The TypeSolver narrows the type from connected ops at compile
time. The recorder stamps the input with
`OPAQUE_PLACEHOLDER`; the canonical pipeline's `type_solver`
pass walks the op constraints (`type_relations` on each
`AtomicOpDecl`) and resolves the input's TypeNode to the most
specific bound that satisfies every connected use. The
resolved type is stamped back onto the IR via
`apply_solution_to_value_info`.

`Graph::input(name)` is the single canonical form. Authors who
need control-plane peer routing
get it for free: a graph input feeding a `wire.Send`'s peer
slot is detected by `infer_peer_classes` and stamped with
`peer_class = <input_name>` automatically.
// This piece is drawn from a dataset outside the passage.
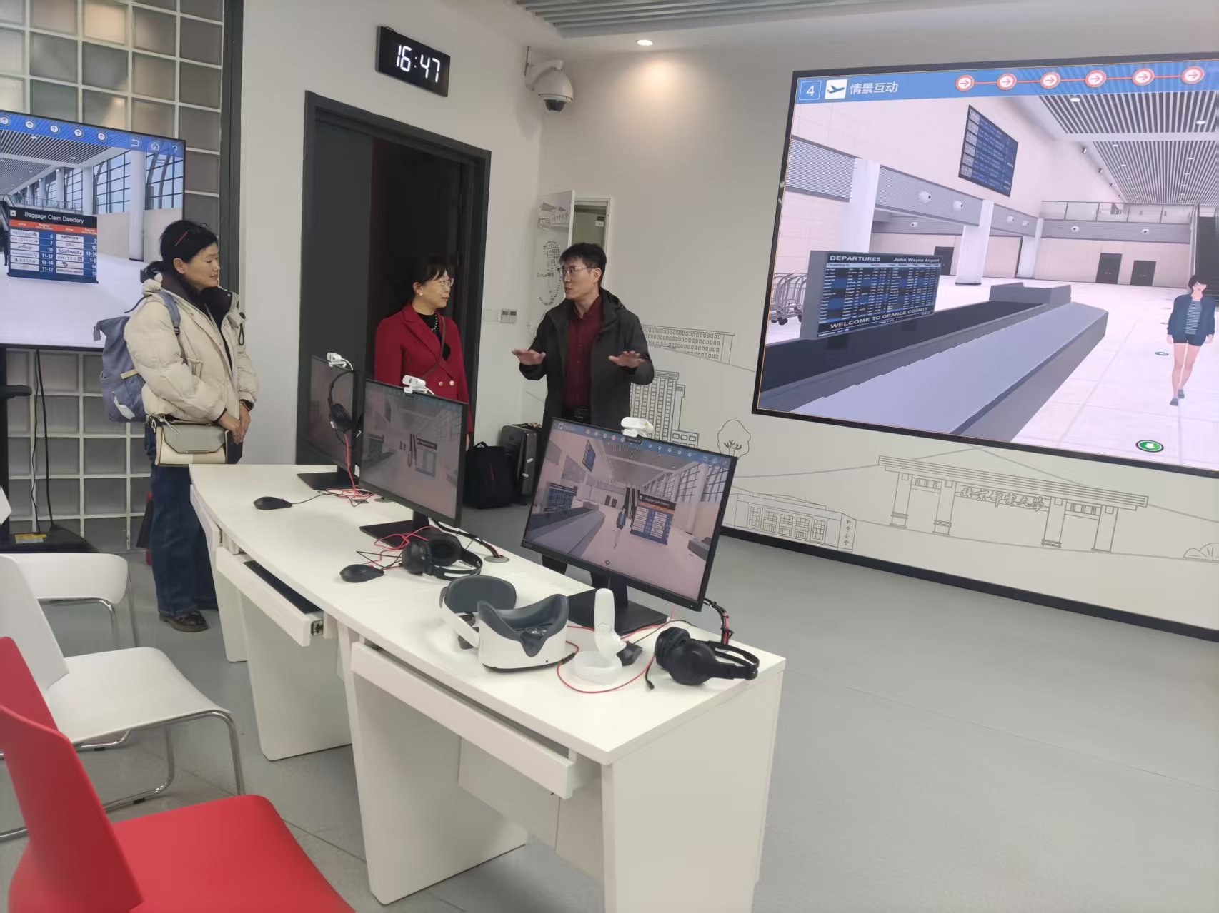 随后,调研团队在北邮相关负责人陪同下,实地参观了语言教学国家级实验教学示范中心,详细考察并体验了沉浸式语言实验室功能与教学成果展示,直观学习了数字化语言教学的先进建设模式。

## Strict by default; permissive as escape hatch

The TypeSolver runs **strictly by default**. Every value site
must resolve to a concrete TypeNode; `BuildError::UnresolvedType`
surfaces the first abstract slot. The recorder helpers
(placeholders, syscalls, `Graph::net_out`) stamp denotations
on every output they mint, so canonical-shape graphs pass
without further annotation.

Tests + bespoke pipelines that hand-author `NodeProto`s without
declaring `value_info` for every value drop into permissive
mode:

```rust
let artifact = bb::Compiler::new()
    .with_permissive_types()
    .bind_backend::<CpuBackend>("compute")
    .compile(model)?;
```

Permissive mode lets unresolved values stay at `TYPE_ANY` (the
`ai.bytesandbrains.opaque` denotation maps to the concrete
`bytes` leaf, so opaque-payload graphs typecheck even in
strict mode — only genuinely under-declared values surface as
errors).

## Open tree via inventory

Third-party backends extend the type tree the same way they
extend the op registry:

```rust
inventory::submit! {
    TypeNode {
        id: "tensor.bf16",
        parent: Some("tensor"),
        kind: TypeKind::Concrete,
        ffi_name: "bb_tensor_bf16_t",
        wire_hash: 0x1234_5678_9abc_def0,
    }
}
```

The lattice rebuilds at startup; subtype queries cache.